5Il est vrai que la situation s’est considérablement aggravée. Si, contrairement aux craintes initiales, la population dans son ensemble s’est accrue, notamment en raison de l’afflux de réfugiés, mais aussi parce que le taux de naissance a augmenté ces dernières années, l’écart ne cesse de se creuser entre les gagnants et les perdants. Alors que la population des grandes villes s’est accrue de 1,4 million d’habitants entre 2005 et 2015, plus de la moitié des petites villes ont vu le nombre de leurs habitants reculer. Des loyers qui explosent ici – voir les exemples de Berlin, de Munich ou de Francfort – et des logements inoccupés ailleurs, un phénomène qui s’accroît. La question centrale identifiée par les membres de la commission était de savoir comment créer des emplois à la campagne et dans les petites villes. Car tant que les offres d’emploi n’existent que dans les régions en croissance rapide, la désertification des campagnes n’est plus qu’une question de temps. Quand les services essentiels disparaissent – écoles, médecins, commerces, transports en commun –, le destin des communes est scellé.

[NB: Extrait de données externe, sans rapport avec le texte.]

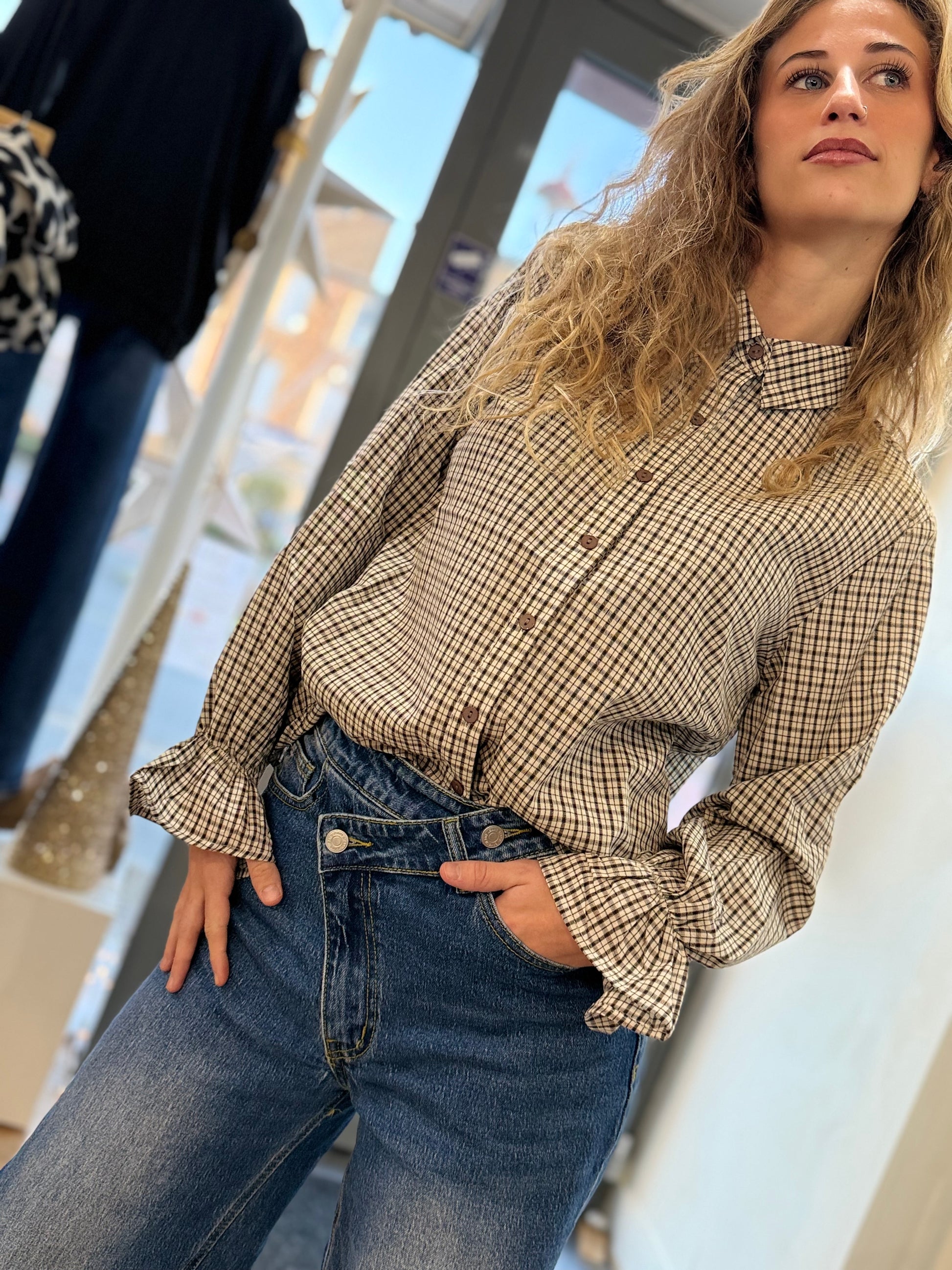 Son motif à petits carreaux apporte une touche moderne, tandis que ses manches légèrement froncées au poignet ajoutent une note féminine.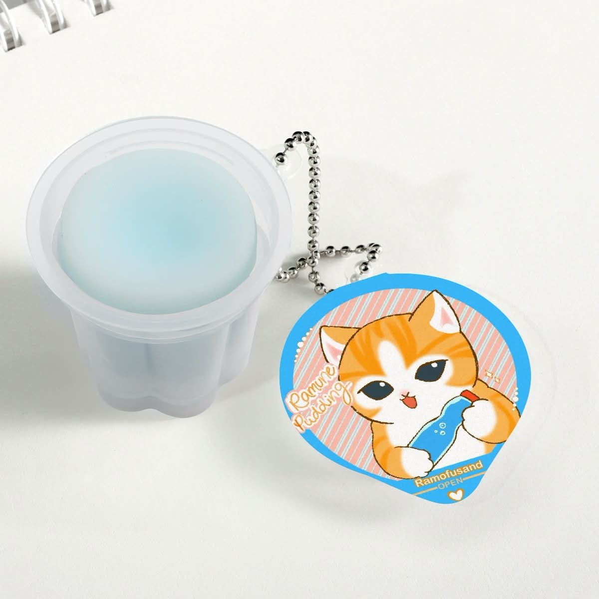 - Small pudding cup keychains with a matching, squishy pudding toy inside (NOT EDIBLE!!)

6Sur les douze points principaux proposés, trois actions retiennent l’attention, à savoir la création d’emplois, l’Internet rapide et des aides financières pour les communes surendettées. Pour soutenir l’emploi, le gouvernement envisage de déplacer des institutions fédérales dans des régions structurellement faibles. Ainsi, le ministère de l’Intérieur envisage de créer de façon croissante les dépendances de ses grandes administrations non plus dans les grandes villes, mais là où les emplois sont rares. Il cite comme exemple le Bundesamt für Sicherheit in der Informationstechnik, BSI (administration fédérale de la sécurité du numérique) qui, à la demande de Horst Seehofer, étudie la possibilité de créer une dépendance à Halle, ville pauvre en Allemagne de l’Est qui vivote à l’ombre de Leipzig. L’idée qui a motivé cette décision est l’effet boule de neige : l’installation d’une grande administration pourrait entraîner celle d’entreprises voire celle d’instituts de recherche.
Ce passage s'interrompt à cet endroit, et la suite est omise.